Как ни смешны были причитания Марго, однако никто из ребят не смеялся. Мы сидели молча, избегая смотреть друг на друга. У всех был испуганный и виноватый вид. Дюймовочка сидела, закрыв лицо руками. Только Лийка Бегичева улыбалась, но улыбалась фальшиво.
Ну, до чего же глупо всё получилось! Я хотела доказать Марго, что чертей не бывает, а теперь весь класс может поверить в них!
— Ребята, — сказала я, — мы тут ни при чём! И черти тут ни при чём! Это же простое совпадение! Ведь Нина Александровна сказала, что у Ольги Фёдоровны старый инфаркт и, значит, с ней так и так должно было случиться…это!

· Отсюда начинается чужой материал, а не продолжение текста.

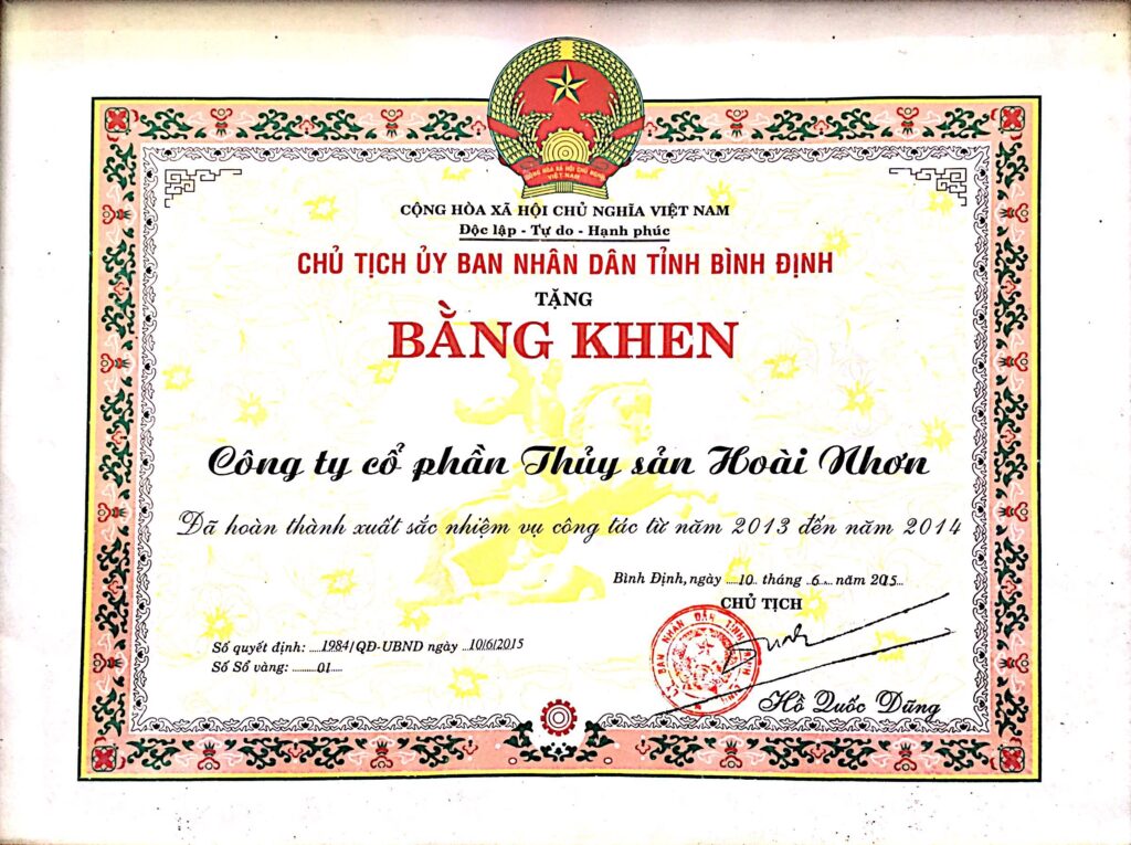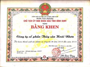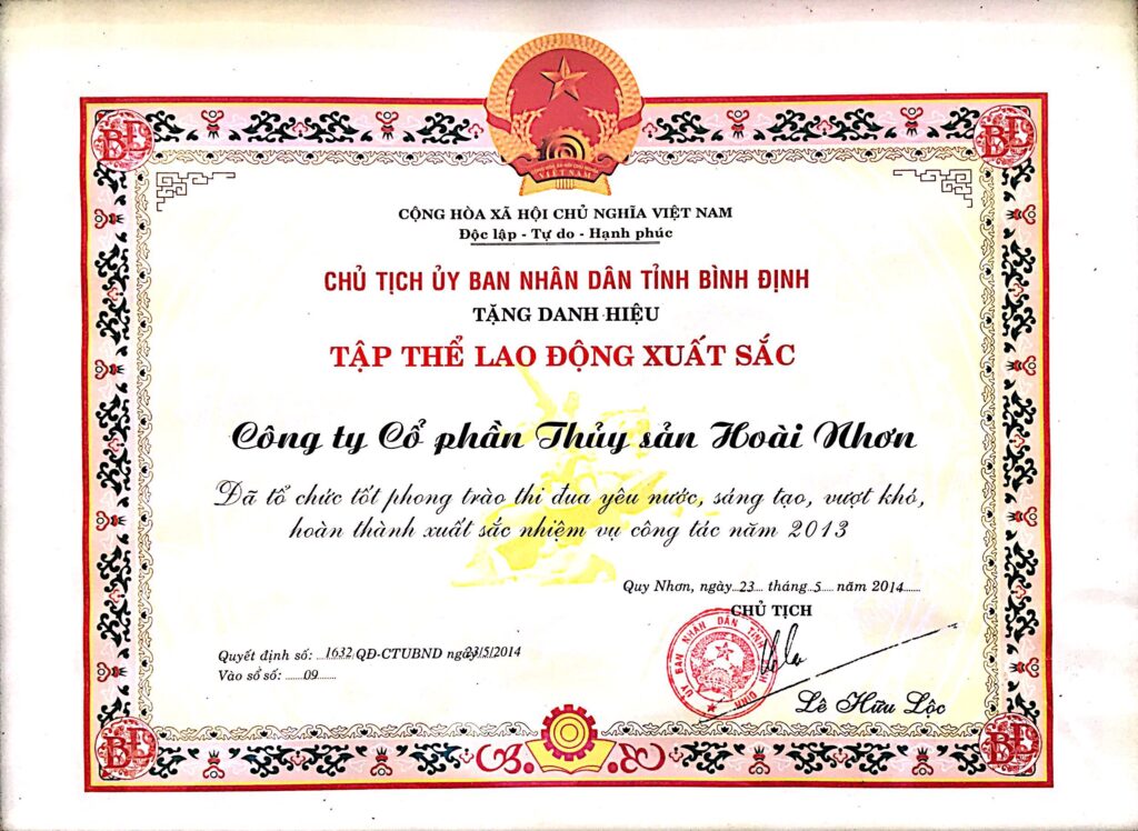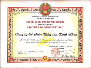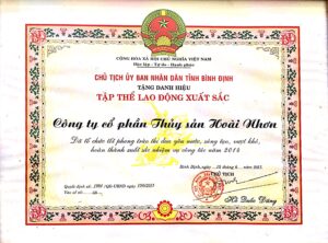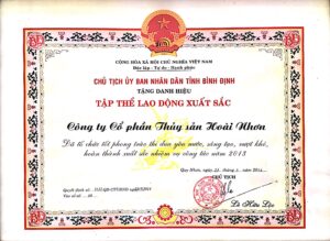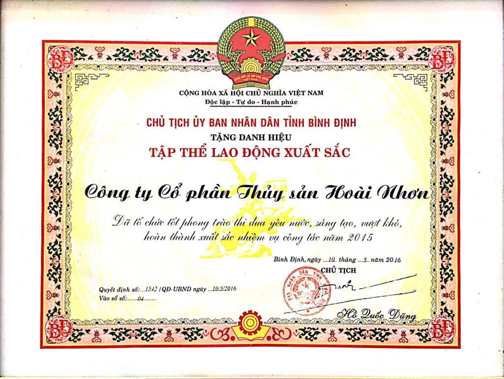 Ngày 10/05/2016 Ủy ban nhân dân tỉnh đã phong tặng danh hiệu tập thể lao động xuất sắc cho công ty CP thủy sản Hoài Nhơn.
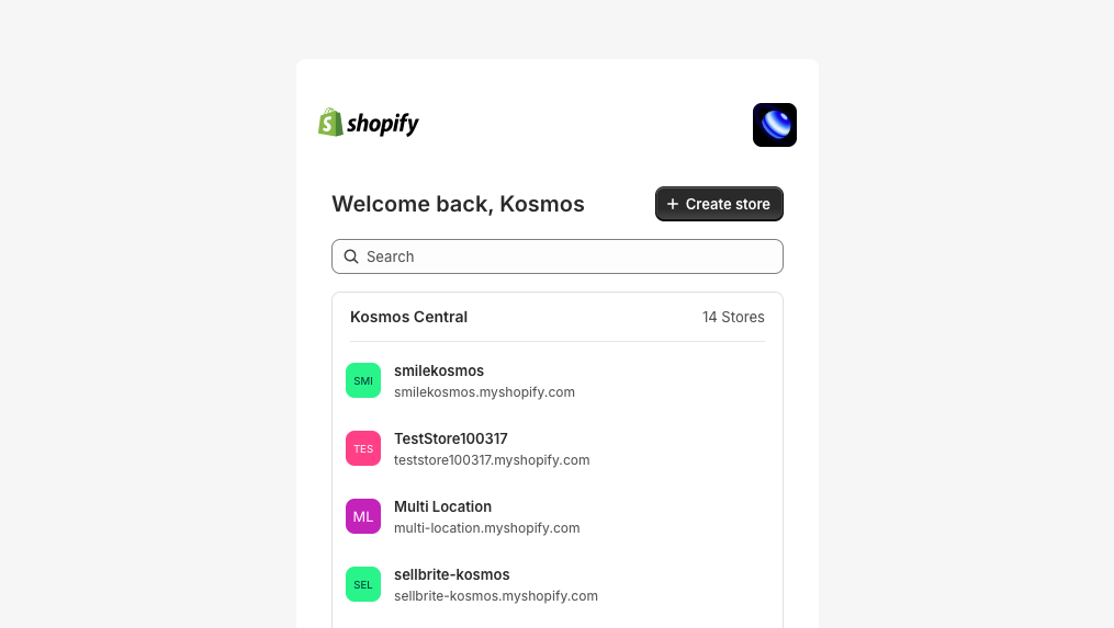If Shopify asks you to select an account, then click the Shopify account where you wish to install and activate the eSync Connection.
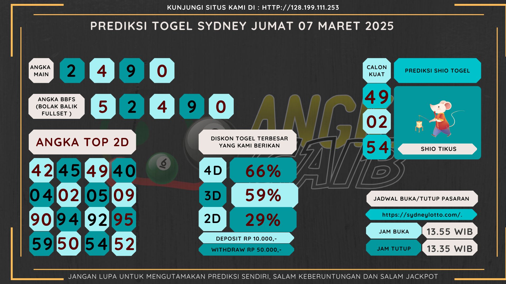 Bocoran Angka Sydney Hari Jumat 07 Maret 2025
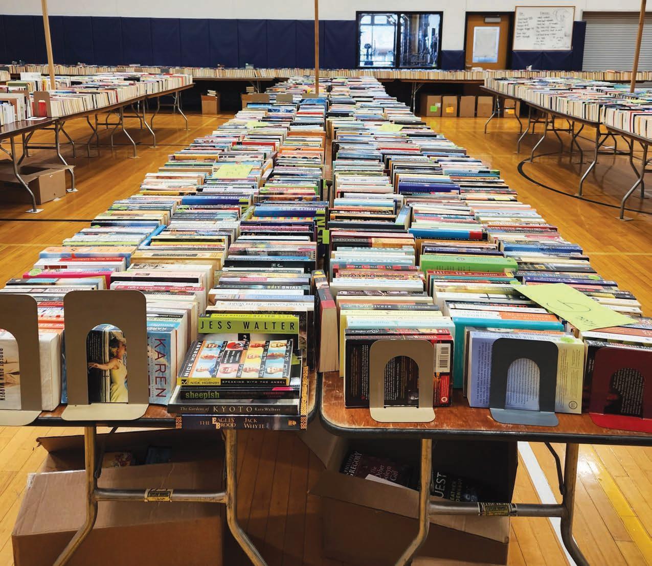 pers waiting for doors to open, the sale fills several rooms of the high school, often raising more than $40,000 each year.
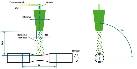 Schematic illustration of the shot peening process performed on hourglass fatigue test bars [29].
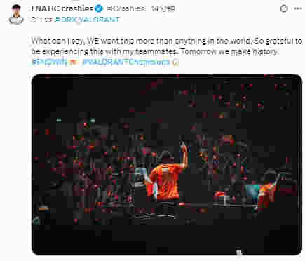 Austin Roberts | crashies发文:怎么说呢,我们对这一刻的渴望,超越世间万物。很感激能和队友们一起经历这一切,我们会创造历史。
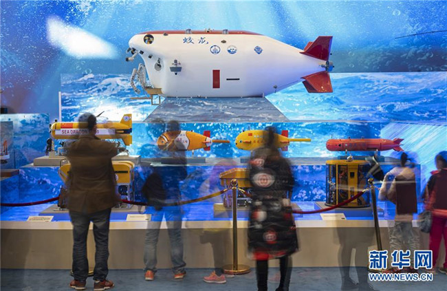 11月18日,觀眾在觀看“蛟龍”號(hào)載人潛水器等模型(慢門拍攝)。“偉大的變革——慶祝改革開放40周年大型展覽”11月13日在國(guó)家博物館隆重開幕。自開幕以來,展覽吸引了眾多參觀者。新華社記者 才揚(yáng) 攝
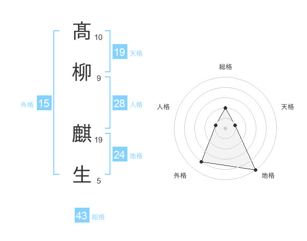髙柳 麒生さんの外格は15画の4点!
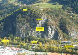 Nach der 3. Seillänge mündet die Linie in den „Galugg-Klettersteig“, über den dann noch ein gutes Stück weiter geklettert wird. Hier gibt es eine linke bzw. rechte Variante. Bei der rechten Variante sind noch ein paar etwas schwerere Sporklettertouren mitten in der Wand eingerichtet.
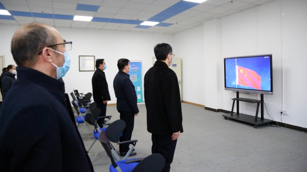 “共克時艱,戮力同行,張家口職業技術學院‘疫情’之下思政第一課,現在開課,請同學們起立,升國旗,唱國歌......”。上午8時00分,我院線上教育開學第一課正式啟動,學院領導同全院師生一起舉行隔空升國旗儀式。
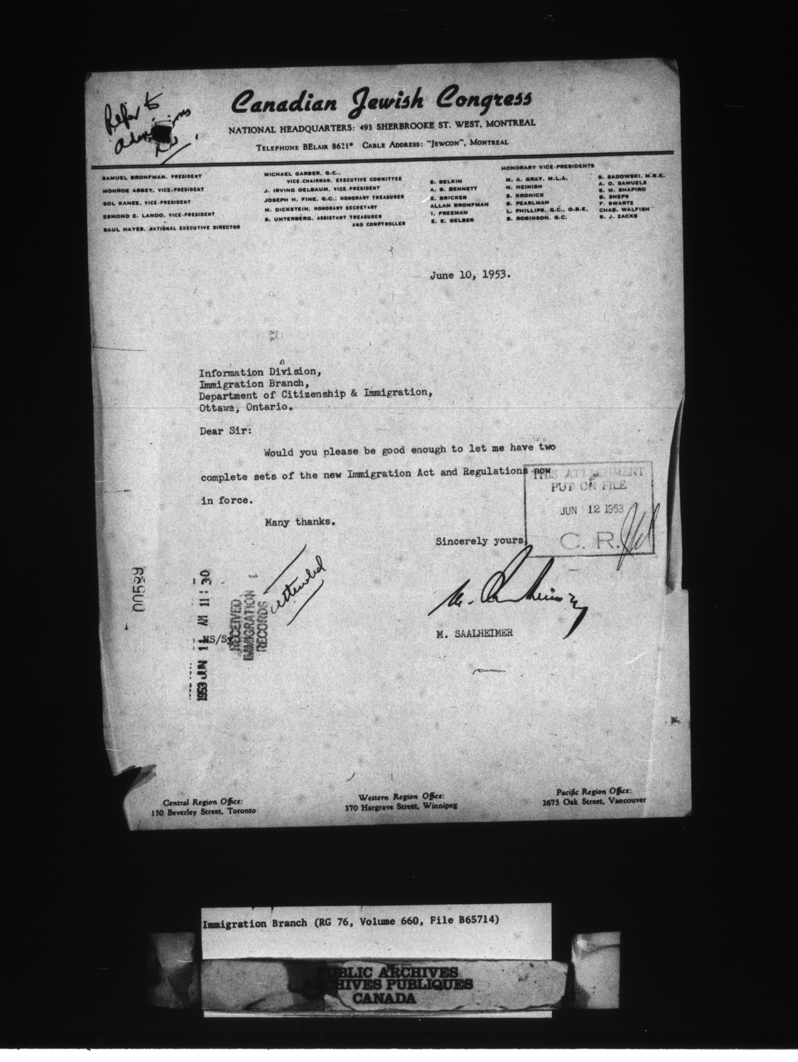 Subject, policy and case files in the First Central Registry series of the Immigration Program, 1892-1950 - 10595
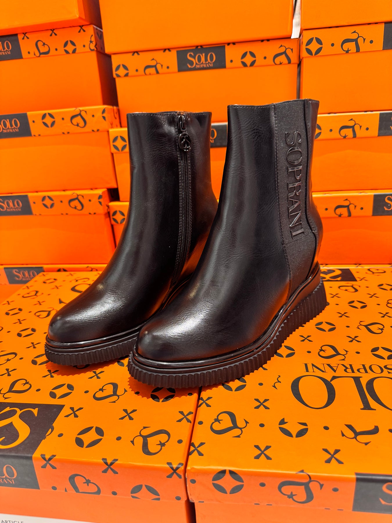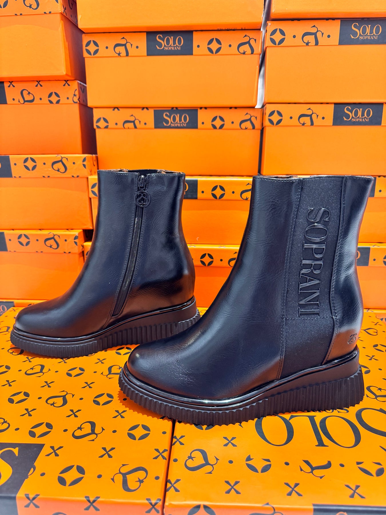 Stivaletto in eco pelle con zeppetta unita di 3 cm in gomma.
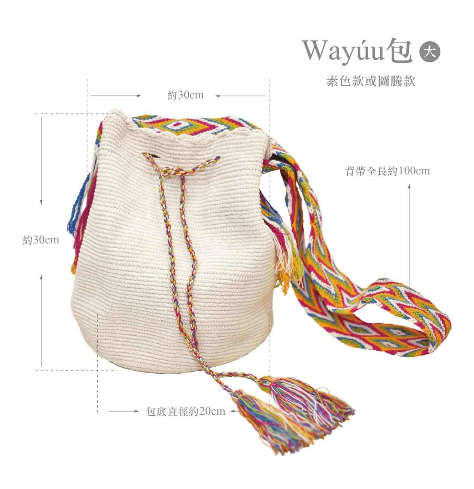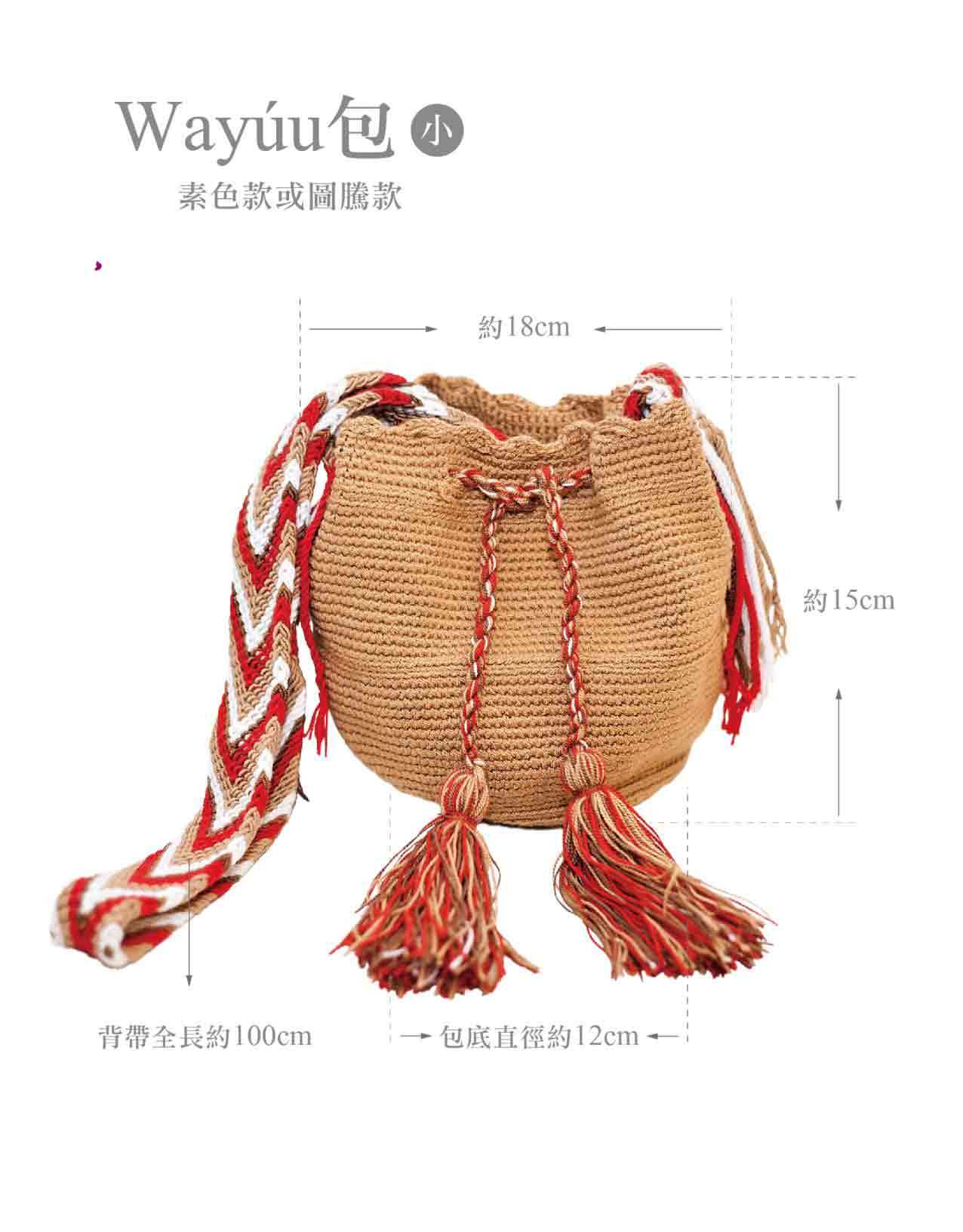 南美哥倫比亞瓦尤民族( Wayúu )的手工編織包,原為瓦尤部落的日常生活用品,為部落女性親手編織,每種款式圖案因手工編織僅有一個,每個瓦尤包呈現部落美好的工藝傳統。
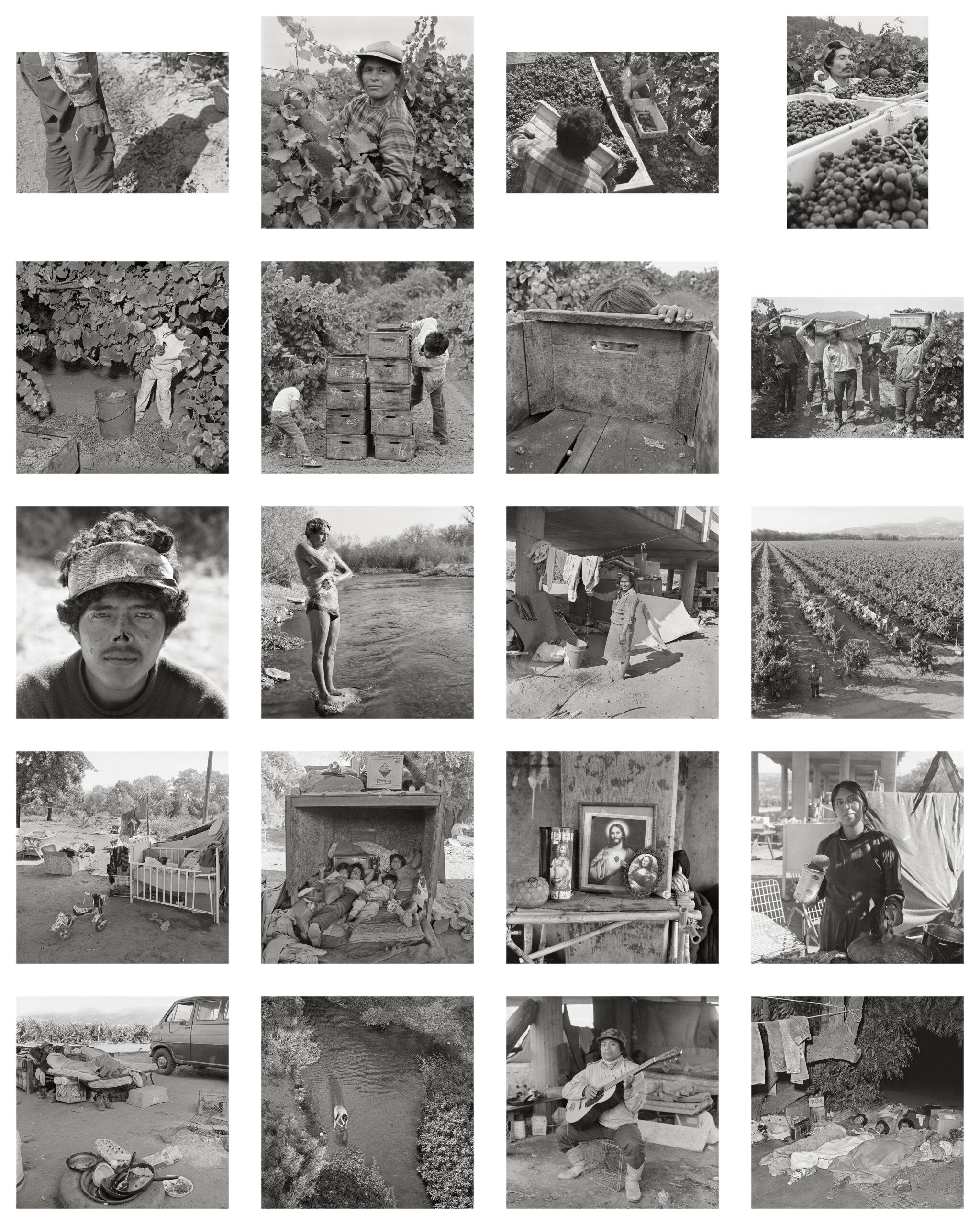 Los Vendimiadores experiences the lives of migrant grapepickers in the vineyards and while living with them under a bridge near the Russian River in the wine country of Northern California.
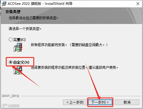 6.点击【自定义】,点击【下一步】。
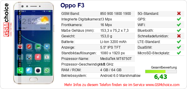 Hast du eigene Webseite? Willst du die Informationen über Standarddaten des Handys Oppo F3 irgendwo veröffentlichen? Das ist sehr einfach. Du kannst das Bild herunterladen oder kopieren und auf der Webseite folgenden Code hinzufügen:Das Einfügen von diesem Code verursacht das Anzeigen von dem folgenden Bild:

— А почему же раньше не случилось? — захныкала Марго.
— И раньше случалось! Нина Александровна говорила же, что это второй приступ! Сначала — дома, теперь в школе! Ей дадут лекарство, и всё будет в порядке!
— Ничего не в порядке! — канючила Марго. — Против чертей никакое лекарство не действует! Умрёт она, вот увидите! Попомните меня!
— Все умрём! — вздохнул Пыжик. — Одни раньше, другие позже!
— Ребята, — сказала я, — в нашей квартире живёт дядя Вася. Знаете, что говорит он? Он говорит: нельзя принимать разные случайности как законы жизни. Он говорит: «Мальчик съел грушу, выбежал на улицу и попал под трамвай. Можно ли сказать: «Не ешьте груш, иначе попадёте под трамвай»? Это же совсем не черти были, а старый инфаркт. Могу доказать хоть сегодня же! В общем, предлагаю попробовать номер с чертями ещё раз! С другими! Давайте возьмёмся ещё раз за сучки и скажем снова: «Чёрт, чёрт, помоги. Чёрт, чёрт, отврати!» Чтобы никого не вызвала…
Тут я запнулась. Я вспомнила, что следующий-то урок у нас арифметика, а нашу Раису я люблю больше всех.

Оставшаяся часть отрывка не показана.